Het kan vreemd klinken maar elke crisis vraagt om een lied. Om het juiste lied. Voor deze coronacrisis is uw lied het juiste lied. Omdat het troost biedt. Omdat het hoop geeft. Troost en hoop is wat wij in deze tijd nodig hebben. In ongelimiteerde dosissen. Onbeperkt. Die dosissen zijn nodig om de crisis door te komen. Om te beseffen dat ooit alles zal goed komen. Wanneer weten we nog niet. Dat hoeft nog niet. Enkel dat besef volstaat. U levert een schitterende bijdrage om dat besef levend te houden. Om dat besef te voeden. Jawel, ik luister en ik weet. Ik weet dat wij met uw lied het anthem voor deze crisis hebben.

 

Iedereen kijkt uit naar het einde. Het einde van de crisis. Het moment waarop de maatregelen zullen opgeheven worden. Sommigen spreken al van zogenoemde bevrijdingsfeesten. Omdat zij zich dan bevrijd zien uit hun kot. Ik zie het anders. Ik zie ons allen naar buiten stappen. Op pleinen. In straten. In cafés. In parken. Op podia. Iedereen. Ik zie iedereen dat ene lied zingen. Uw lied. Elk in zijn dialect. In zijn taal. Ik zie dat gebeuren en ik voel de verenigende kracht van dat moment. Ik zie dat en ik hoop dat die verenigende kracht nooit zal wegdrijven. Dat die kracht voor eeuwig blijft. Dat zou mooi zijn. Dat zou mooi zijn dat we dit kunnen doen met uw lied.

 

Beste Katrien. Ik wil u danken dat u uw raam openzette. Dat u dat lied zong. Voor ons. Het deed deugd. Meer dan deugd. Daarvoor van harte bedankt.

 

Met vriendelijke groeten.

 

PS: Ik ben nieuwsgierig. U moet het mij vergeven. Maar ik ging even het internet op om uw naam te googelen.
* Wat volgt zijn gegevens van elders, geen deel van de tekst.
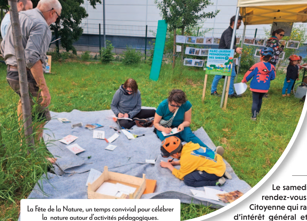
La Fête de la Nature, un temps convivial pour célébrer la nature autour d'activités pédagogiques.
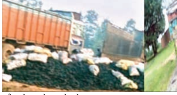
अवैध कोयला लोड कर ले जाते ट्रक

चरही। क्षेत्र के चनारो, इंद्रा चुरचू और आंगो थाना क्षेत्र में अवैध कोयले की तस्करी अवाध गति से जारी है। सूत्र बताते हैं कि इस तस्करी में पुलिस, कोयला तस्कर और उपवादिियों संगठन के गठजोड़ के कारण तीव्र गति से चल रहा है। इस काले हारे के धंधे में लोग माला-माल हो रहे हैं। दोनों थाना क्षेत्र से प्रतिदिन 10 से 15 ट्रक कोयले की तस्करी तस्करों द्वारा किया जा रहा है। सूत्र बताते हैं कि उपर के कई सफेद और खाखी पोश
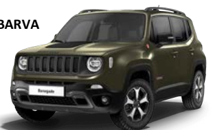
149 (opc. 5CL)
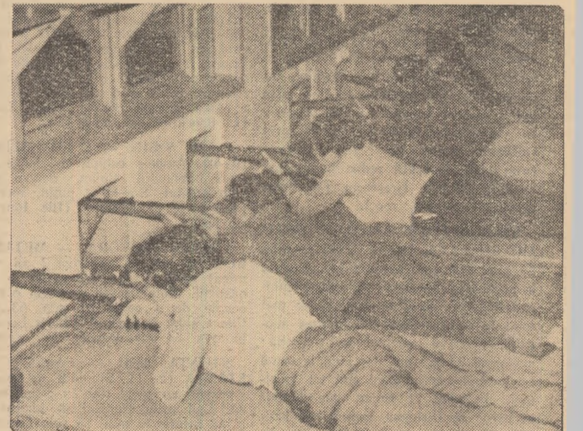
Aspect din timpul întrecerii

Ik kwam uit bij Pigeon. Dat is uw artiestennaam. Onder die naam maakt u muziek. Ik maakte kennis met een schitterende pianiste. Ik luisterde naar uw beide albums, Short Stories en Pigeon. Ik beluisterde ze integraal. Ik was onder de indruk. Behoorlijk onder de indruk. Dat ene lied deed mij kennismaken met een artieste. Een buitengewone artieste.

Reactie plaatsen

Reacties

Calemyn Ronaldp
4 jaar geleden

Prachtig. Mooie tekst.

hilde demeulenaere
4 jaar geleden

Zo schoon lied. Ik word er warm va' van binnen.

Maggy
4 jaar geleden

Geweldig, gefeliciteerd

Stefaan Schamp
4 jaar geleden

Prachtig, mooie stem, gevoel, waar heeft men zo een talentvolle artieste kunnen verbergen!? Hopelijk horen we hier meer van!!??